À cet égard, le Tribunal relève que, au moment de l'adoption de la décision de refus, les marchés financiers européens se trouvaient dans un environnement très vulnérable. En effet, la stabilité de ces marchés était fragile, notamment, en raison de la situation économique et financière de la Grèce. Par ailleurs, cette situation et les ventes afférentes d’actifs financiers grecs provoquaient de fortes dépréciations de la valeur desdits actifs, ce qui engendrait également des pertes pour les détenteurs grecs et les autres détenteurs européens. Dans un tel contexte, il est évident que les acteurs du marché utilisent les informations divulguées par les banques centrales et que leurs analyses et décisions sont considérées comme étant une source particulièrement importante et fiable pour effectuer une évaluation des évolutions du marché financier. En conséquence, le Tribunal estime que la BCE n’a pas commis d’erreur manifeste d’appréciation en considérant que la divulgation de ce document porterait concrètement et effectivement atteinte à l’intérêt public en ce qui concerne la politique économique de l’Union et de la Grèce.

À l'appui de cette conclusion, le Tribunal ajoute que le fait que les données contenues étaient dépassées ne permet pas de conclure que, en cas de divulgation du document en cause, les acteurs des marchés financiers auraient considéré également comme dépassés et donc sans valeur les hypothèses et points de vue des membres du personnel de la BCE contenus dans ce document. En effet, s’il est vrai que les acteurs des marchés sont des professionnels habitués à travailler avec ce type de documents, il n’en demeure pas moins qu’ils considèrent les hypothèses et points de vue provenant de la BCE comme étant particulièrement importants et fiables pour effectuer une évaluation du marché financier. Il ne saurait donc raisonnablement être exclu que celles-ci auraient été considérées comme encore valables. Dès lors, une éventuelle précision de la BCE sur la version divulguée de ce document, indiquant que ces informations n’étaient plus actuelles, n’aurait pas pu empêcher que sa divulgation induise en erreur le public et les acteurs des marchés financiers, en particulier sur la situation relative au déficit public et à la dette publique telle qu’évaluée par la BCE. Une telle erreur aurait pu avoir des conséquences négatives sur l’accès, notamment de la Grèce, aux marchés financiers, et aurait donc pu affecter la conduite effective de la politique économique de la Grèce et de l’Union.

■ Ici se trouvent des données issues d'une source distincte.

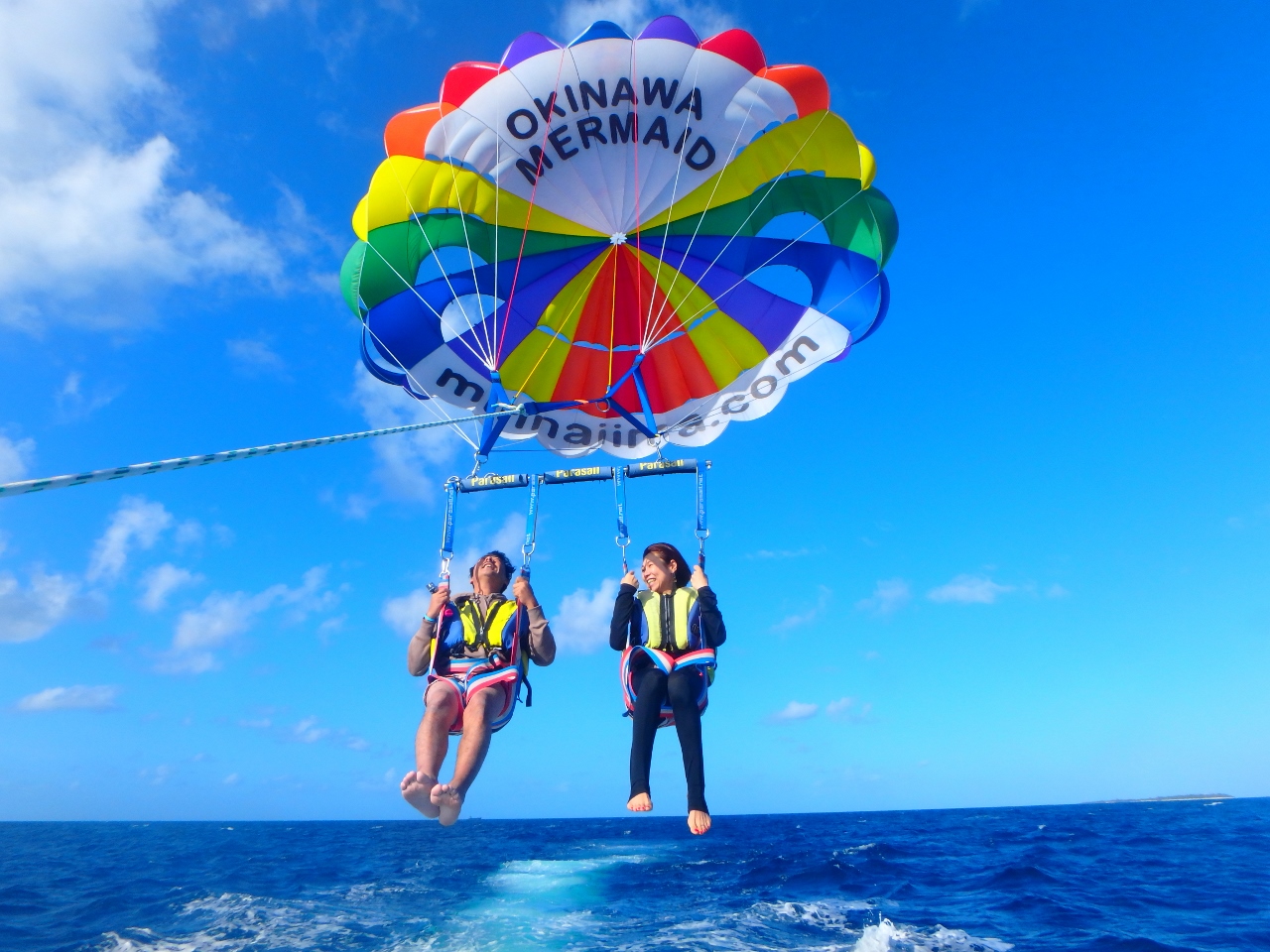 本島北部瀬底島パラセーリングとゴリラチョップでのマリンスポーツを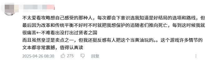 這種在道德邊緣反覆試探、最終迴歸人性思考的體驗,正是《蘇丹的遊戲》能夠真正打動玩家,並獲得高度評價的關鍵。

Le second document incluait, en substance, l’arrière-plan de la transaction "Titlos" ainsi que l'analyse des membres du personnel de la BCE concernant la structure financière de cette transaction et de l’existence éventuelle de transactions analogues réalisées par d'autres États membres. Dans ce cadre, la BCE avait examiné la manière dont la Grèce avait utilisé des échanges hors marché et les conséquences de ces échanges pour les risques existants.

Le contenu de ce document étant étroitement lié à celui du premier document, le Tribunal juge que, pour les mêmes raisons, l'appréciation de la BCE selon laquelle sa divulgation porterait atteinte à la politique économique de l'Union et de la Grèce n'est pas entachée d’erreur manifeste.